WASHINGTON -- After President Obama confirmed he would deny a permit for the Keystone XL pipeline, arguing the project fails to serve the national interest, Republican frontrunner Mitt Romney was quick to attack.
Romney on Wednesday called the president's rejection of the pipeline "as shocking as it is revealing," accusing Obama of pandering to environmentalists in an election year.
"It shows a president who once again has put politics ahead of sound policy," Romney said in a statement, adding that the president "seems to have confused the national interest with his own interest in pleasing the environmentalists in his political base."
Romney also said Obama was stifling job creation and turning his back on a fragile economy.
"If Americans want to understand why unemployment in the United States has been stuck above 8 percent for the longest stretch since the Great Depression, decisions like this one are the place to begin," Romney said. "By declaring that the Keystone pipeline is not in the 'national interest,' the president demonstrates a lack of seriousness about bringing down unemployment, restoring economic growth, and achieving energy independence."
HuffPost's Tom Zeller has documented that TransCanada's assertion about the pipeline creating 20,000 jobs -- 13,000 in construction and 7,000 in manufacturing -- is a considerable exaggeration.

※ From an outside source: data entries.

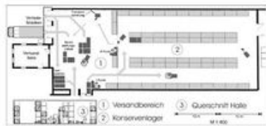
Variante I: Palettenregal (Einplatzsystem)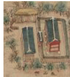
〈그림 7〉 태산사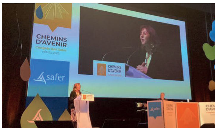
▲ Congrès des Safer, à Nîmes, les 7, 8 & 9 décembre 2022. Rapport d'orientation Safer/Environnement et intervention de Carole Delga, Présidente de la Région Occitanie.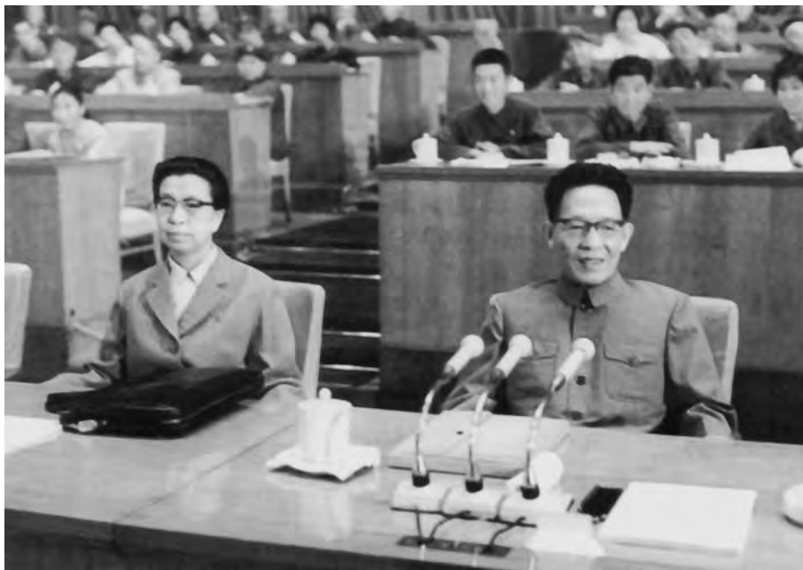
Цзян Цин и Чжан Чуньцяо на X съезде КПК

и искусства, просвещения и здравоохранения, «поддерживать социалистическую новь», возникшую в ходе культурной революции, и т.д. Вместе с тем в докладе были провозглашены и требования «усиливать планирование и координацию», «совершенствовать разумные правила и распоряжки», «выполнять и перевыполнять государственный план развития народного хозяйства».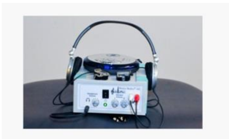
Slika 4. Musica Media aparatura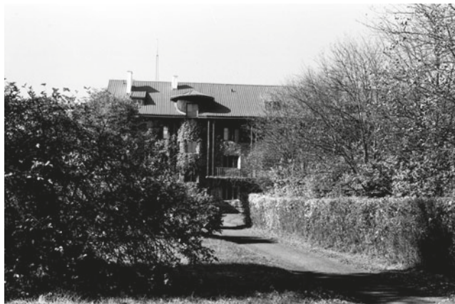
Fot. 4. Bursa studencka (1995) Photo 4. Student's dormitory (1995)

z Rogowa. Niestety, nie pozwoliło na to prawo budowlane, gdyż budynek obligatoryjnie musiał być ocieplony, a na warstwie izolacyjnej nie można było już mocować ciężkich pędów winobluszcza. W 1995 r. przyjęto dwa ważne akty: Senat SGGW podjął uchwałę „w sprawie powołania pozawydziałowej jednostki organizacyjnej o nazwie: Centrum Edukacji Przyrodniczo-Leśnej” (23 października 1995 r.), a następnie (3 listopada) JM Rektor SGGW wydał zarządzenie nr 17/95 w sprawie powołania CEPL. W dokumencie określono, że na potrzeby CEPL przeznaczają się bursę (fot. 4), budynek Muzeum Lasu i Drewna (fot. 5) oraz dom profesorski „Belwederek” (fot. 6). Kilka miesięcy później (6 maja 1996 r.) odbyło się pierwsze spotkanie Rady Programowej CEPL, na którym m.in. na stanowisko dyrektora CEPL powołano Krzysztofa Będkowskiego.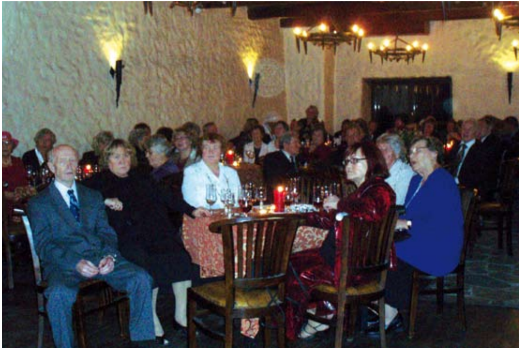
Suur osa balli õnnestumisel oli ka vana aja hõngulistel ruumidel.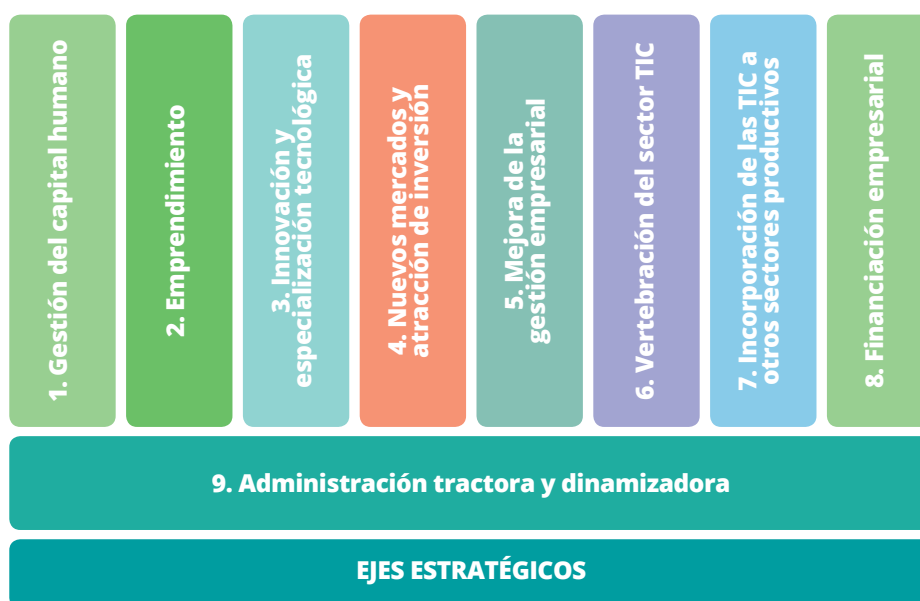
Figura 4.1: Ejes estratégicos de la EISTIC

El conjunto de ejes estratégicos se recogen en la figura adjunta, siendo la finalidad de cada uno de ellos la que se indica a continuación: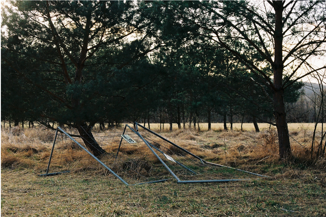
příloha č. 17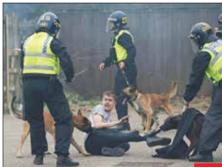
پادشاه سگ‌ها؛ حمله سگ‌های پلیس انگلیس به مردی در جریان نظاره‌ها ضد مهاجرتی در روترهام انگلیس را مشاهده می‌کنید. سگ‌های پادشاه رحم ندارند!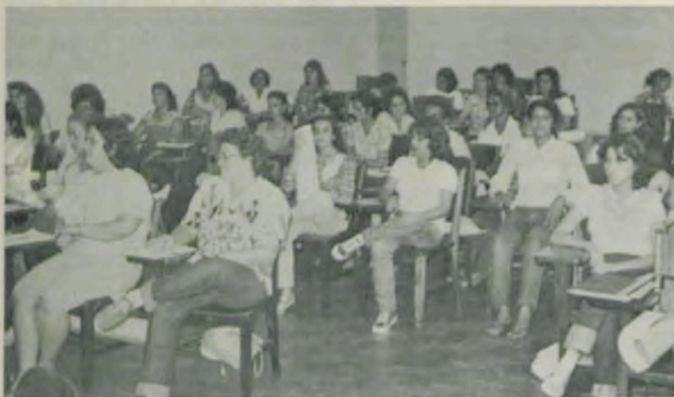
As participantes do curso.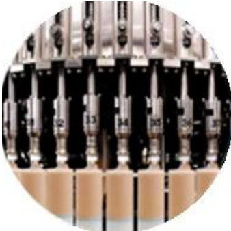
Pagpuno ng linya ng makina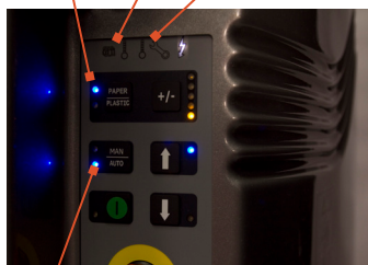
Taille de balle réglable

Sélecteur de matériaux : carton ou plastique Indicateur de balle complète Indicateur d'entretien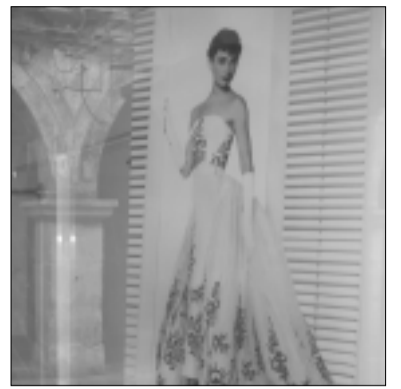
La vetrina premiata di Passaro Sposa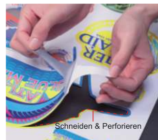
Die HalfCut-Funktion ist Mimakis eigene Technologie.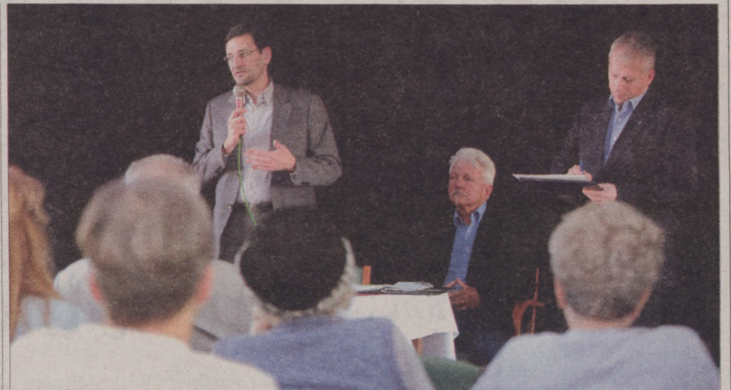
Időseknek tartottak közbiztonsági fórumot a Budavári Művelődési Házban

Bizakodásra adhat okot ugyanakkor, hogy harminchégy esetben - részben az otthoniak érélyes fellépésének köszönhetően - meghiúsult a bűncselekmény. A trükkös tolvajok általában nem erőszakosak, óvakodnak attól, hogy valaki tanúja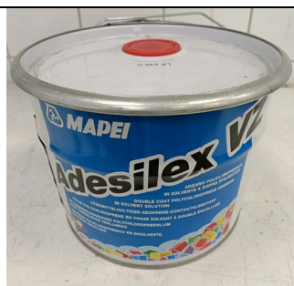
d) ADEZIV ADESILEX VZ Foto: 10 kg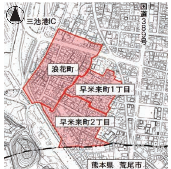
令和5年度現地調査区域（予定） 浪花町、早米来町1丁目・2丁目

また、現地調査区域および閲覧区域の土地所有者の皆さんには、実施時期について郵送により通知します。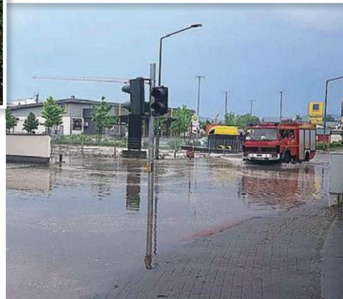
Auf den Straßen in der Stadt war umsichtiges Fahren angesagt: Kleine und auch größere Seen hatten sich auf den überspülten Wegen gebildet, wie hier im Alten Kirchhainer Weg (Foto oben) und in der Alten Kasseler Straße, wo sich ein Feuerwehrauto durch die Fluten kämpfte.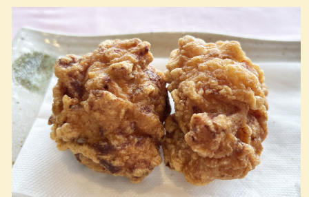
鶏のから揚げ 〈2個〉 420円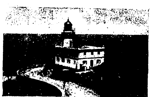
SAN SEBASTIÁN.—El Faro Iguedo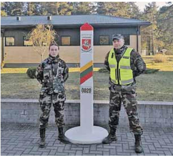
Vaida užtikrinant viešąją tvarką mieste karantino metu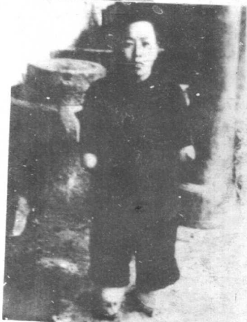
因屡次逃跑，被砍掉手脚的妓女 妓女死后被随便丢进乱尸岗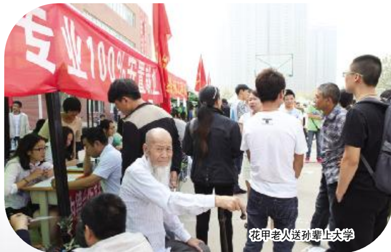
花甲老人送孙辈上大学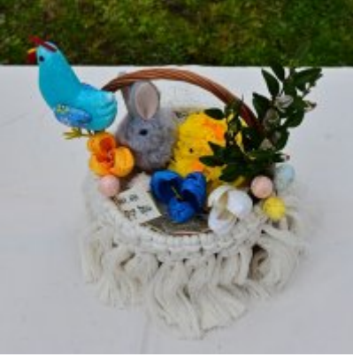
Jarmark Wielkanocny 2022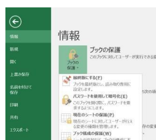
②「情報」から「ブックの保護」をクリック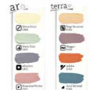
> REVISTIMENTOS - TINTAS CIN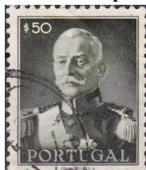
34. Марка Португалии, А. Кармане, 1945г.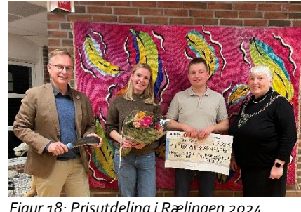
Figur 18: Prisutdeling i Rælingen 2024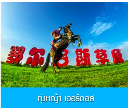
ทุ่งหญ้า เออร์ดอส

พักที่ ORDOS BOYU AIRUI HOTEL โรงแรมระดับ 4 ดาวท้องถิ่น หรือเทียบเท่าในเมืองเออร์ดอส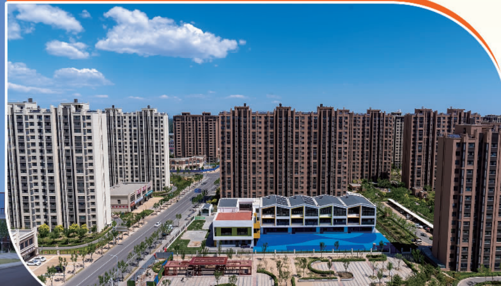
大兴机场安置房(榆堡组团)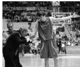
Pesic i Focka.

Trenta-set minuts són els que va trigar Svetislav Pesic a presentar-se a la roda de premsa posterior al partit. Al vesíder hi havia hagut serrieda, perquè a ningú se li escapa que perdre per tancar cop seguit a casa no és una situació normal. Davant dels mitjans, Pesic tampoc va fer una roda de premsa normal. Va trobar moments per lluir el riall—va qui hem de felicitar perquè ha fet un partit esplendí. Ens ha donat una liçó—, però en general va parlar de l'Akasvayu, agafant la distància d'alt com un punt de partida (o d'arribada) per parlar de la temporada i de la que per ell és la realitat de l'equip.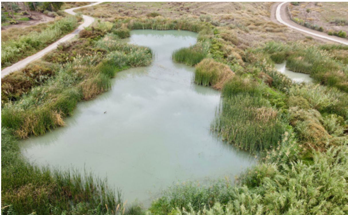
הבריכה המרכזית של פארק הצפרות בכפר רופין במבט מרחפן.

בעמק החולה , החל שיתוף פעולה עם הקיבוצים דן ודפנה, בשיתוף עם רשות הטבע והגנים, לשיקום חלק מבריכות הדגים הנטושות.

Obama campaign spokesman Ben LaBolt shot back at Romney in a statement on Wednesday.
"Mitt Romney has made clear that he would rubber-stamp whatever the Republicans in Congress demand of him, whether it's a budget that would make the middle class and seniors foot the bill for more tax breaks for the wealthiest, or refusing to evaluate how a pipeline would affect our public health and natural resources," said LaBolt.
LaBolt emphasized that the greatest number of new jobs would come not from projects like Keystone, but from green energy.
"President Obama has pursued a comprehensive energy strategy that has increased our domestic energy production, reduced our dependence on foreign oil to below 50 percent for the first time in 13 years and supported more than 224,000 clean energy jobs," LaBolt wrote.